И она на него не нарадуется. Сына и дочку уже богатырю родила, правда, силу они принять не смогут богатырскую, ну так не вечер еще. Есть еще время, рОдит ему супруга богатырей, Добряна о том Живу-Матушку попросит, поможет.
Да не о том речь сейчас, об их беде общей.
- Благодарствую, волхва. Но о делах моих говорить не время сейчас, ты лучше сказывай, для чего меня Велигнев к тебе послал. Что я сделать должен?
Подалась Добряна вперед, зашептала, ровно даже от ветра таилась.
- Беда у нас, Божедарушка, пришла она, откуда и не ждали. На Ладоге неспокойно сейчас, волхвы угрозу чуют, и не колдовская та угроза, человеческая. Вижу, может клинок понадобиться, да не один. С дружиной ты пришел?
- С дружиной, волхва.
- Вот и ладно. Сюда всех зови, кого надобно, и встречу, и обогрею, и разместиться помогу, и от чужого взгляда укрою. Многое волхвам на своей земле позволено, сам знаешь.
Божедар про то хорошо знал.
Бывало. Всякое бывало, и из рощи небольшой полки на битву выходили, и люди в таких рощах бесследно исчезали, хоть и напросвет деревья иногда видно, и всякое в них творилось... разное.
Одним словом - заповедное место.
И людям там - заповедано.
С волхвой-то понятно, не страшно.
- Много ль народу надобно? Я бы часть сюда привел, остальных в Ладоге оставил.
Добряна только руками развела.
- Не знаю, Божедарушка. Ведомо мне, что тучи надвигаются, что молнии из них проблескивают... сначала одна туча, потом еще четыре за ней, а вот что да как... сам знаешь, не провидица я, мне все это кровью да болью дается, и то поди пойми, что там покажется.
Божедар кивнул сочувственно
- Ты, Добряна, сказала, я услышал. Двадцать человек здесь оставлю, и сам тут побуду, от греха. А к весне по друзьям клич кину - пусть тоже на Ладогу придут.
- Сам понимаешь, осторожно надо будет...
Божедар понимал то, о чем пыталась вежливо намекнуть Добряна. Очень вежливо, очень аккуратно...
Времена собственных дружин боярских прошли безвозвратно, в Лету канули.
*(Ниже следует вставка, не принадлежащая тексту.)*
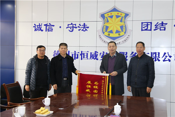 2018年11月30日上午, 德州學(xué)院保衛(wèi)處處長王榮朝、副處長李巖、治安科長王鳳丹來我公司調(diào)研慰問并贈送繡有“為校園保駕護航、展恒威安保風(fēng)采”錦旗一面。
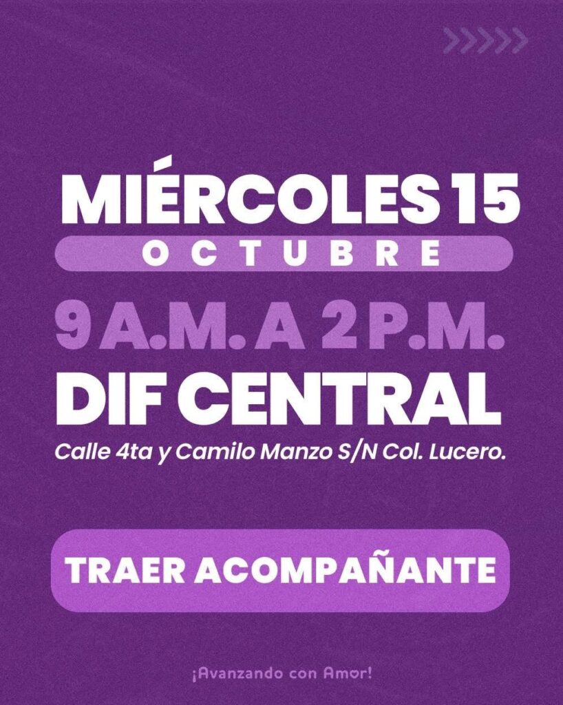 Las valoraciones se llevarán a cabo este miércoles 15 de octubre en las instalaciones de la oficina Central, ubicada en Calle 4ta y Camilo Manzo s/n Col. Lucero, atendiendo a los pacientes a partir de las 09:00 de la mañana.
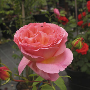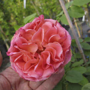 Rosa Floribunda con fiori grandi, doppi e molto profumati. Ha un portamento vigoroso e compatto, rifiorente e molto resistente alle malattie. È ideale per bordure e aiuole.
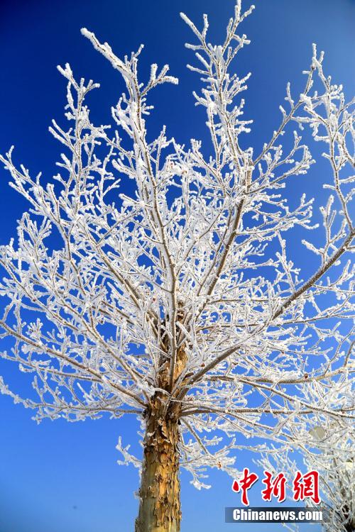 After several days of cold wave, intoxicating scenes of rime appear in Bohu county, Xinjiang, Jan. 9, 2015. People feel like in a fairyland at the Baixin Park of Bohu. (Chinanews/Nian Lei)
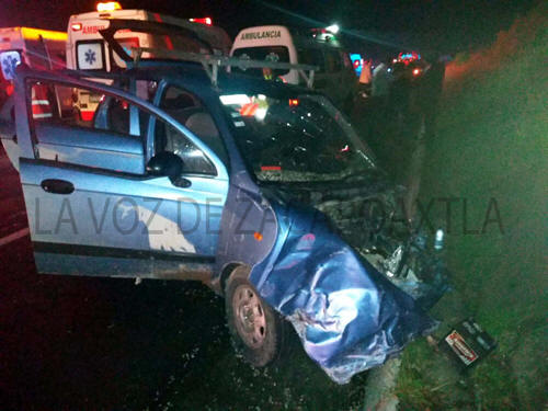 Oficiales de vialidad estatal región Tlatlauquitepec, tomaron conocimiento del accidente entre una camioneta de la marca Nissan, tipo NP300, tipo estacas, color rojo conducida por el señor Sergio Nicolás "N." de ocupación comerciante y con domicilio en el barrio de Chignaulingo de la ciudad de Teziutlán. El segundo vehículo involucrado, era de la marca Chevrolet, línea Matiz, color azul, con placas del estado de México, de este auto resultaron dos personas lesionadas, que responden con los nombres de Isaías Huerta y su esposa Octavia Hidalgo ambos con domicilio en el estado de México, siendo estos atendidos y trasladados al hospital General de Tlatlauquitepec. De acuerdo a lo relatado por las autoridades de vialidad estatal, la Nissan estacas circulaba con sentido a la ciudad de Teziutlán, sin embargo el estado etílico en el que conducía el teziuteco, provocó que invadiera el carril contrario de circulación hasta impactar al Matiz. El responsable quedó a disposición de vialidad estatal, mientras que los ocupantes del vehículo afectado quedaron internados bajo supervisión médica debido a que su estado de salud es delicado.
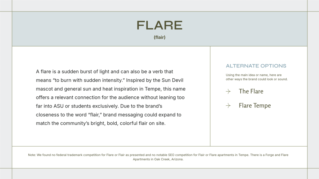 After Flare, we continued to rebrand Park Place Arlington, then Park Place Reno. These rebrands have not yet been announced in their markets; both were also round-one name selections with no edits (announcement coming soon!).
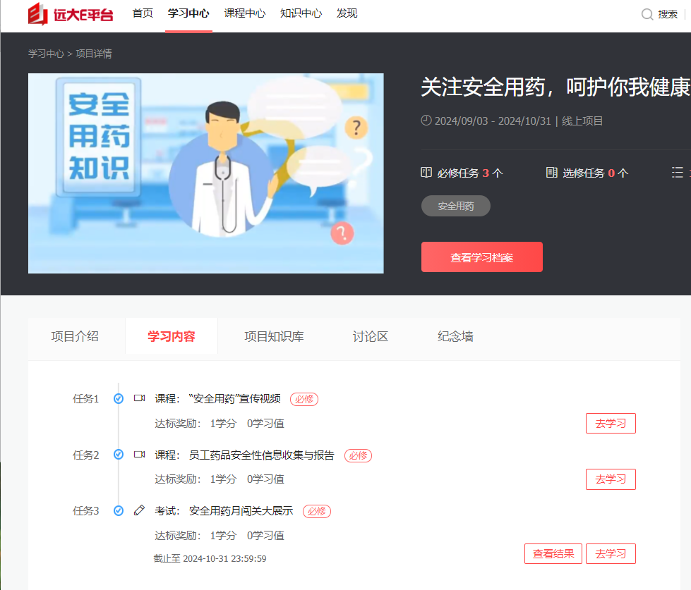 2024年09月01日,安全用药宣传视频和员工安全性信息收集与报告的培训在 “远大E平台”面向公司全员上线,内容包含安全用药知识、产品知识和GVP基础知识等,兼具普适性、趣味性、实用性。公司各部门活动参与率为100%,参与人数超1200人。
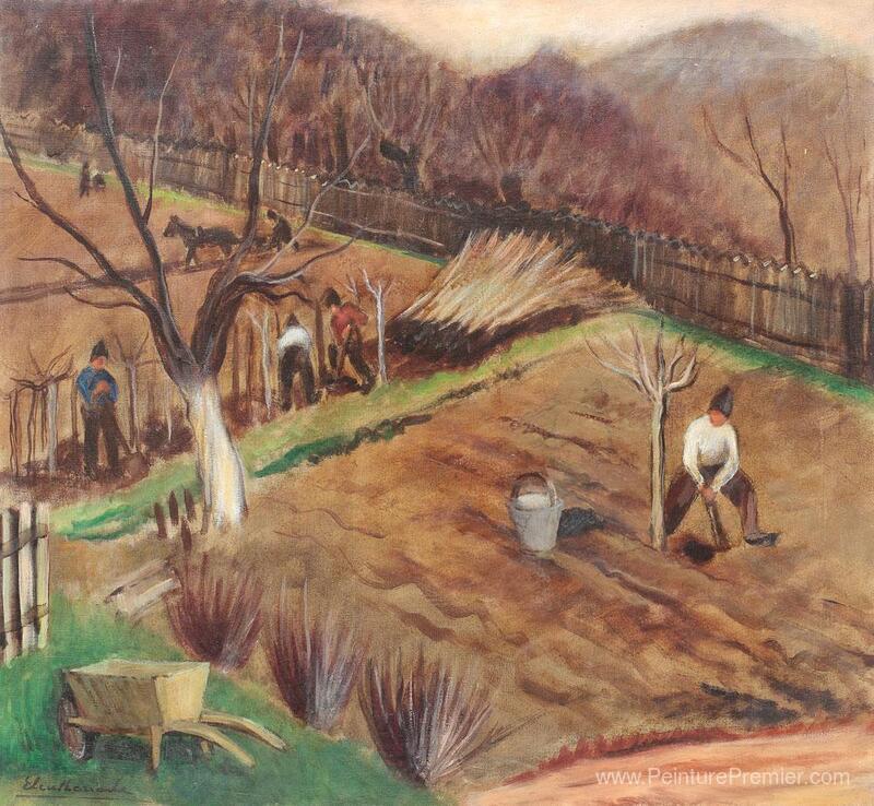 Nous vous proposons une reproduction artisanale sur toile du célèbre tableau 'Paysage de la vallée de Prahova' de Micaela Eleutheriade, provenant du Musée de la Reproduction.

Сейчас боярину не больше двадцати боевых холопов дозволено, и то не каждому их содержание по карману. Это ж не просто так себе холоп, его одеть - вооружить - обучить надобно, коня ему купить, опять же, военный человек тренироваться должен постоянно, сложно это. Так что иные бояре старались, а большинство вид делали, не воины у них, а так, ряженые на конях.
А у Божедара своя дружина - сто пятьдесят человек, да и позвать он может три раза по столько. Немного? Так у государя Сокола пять сотен было - и ему хватило, с того и Росса началась.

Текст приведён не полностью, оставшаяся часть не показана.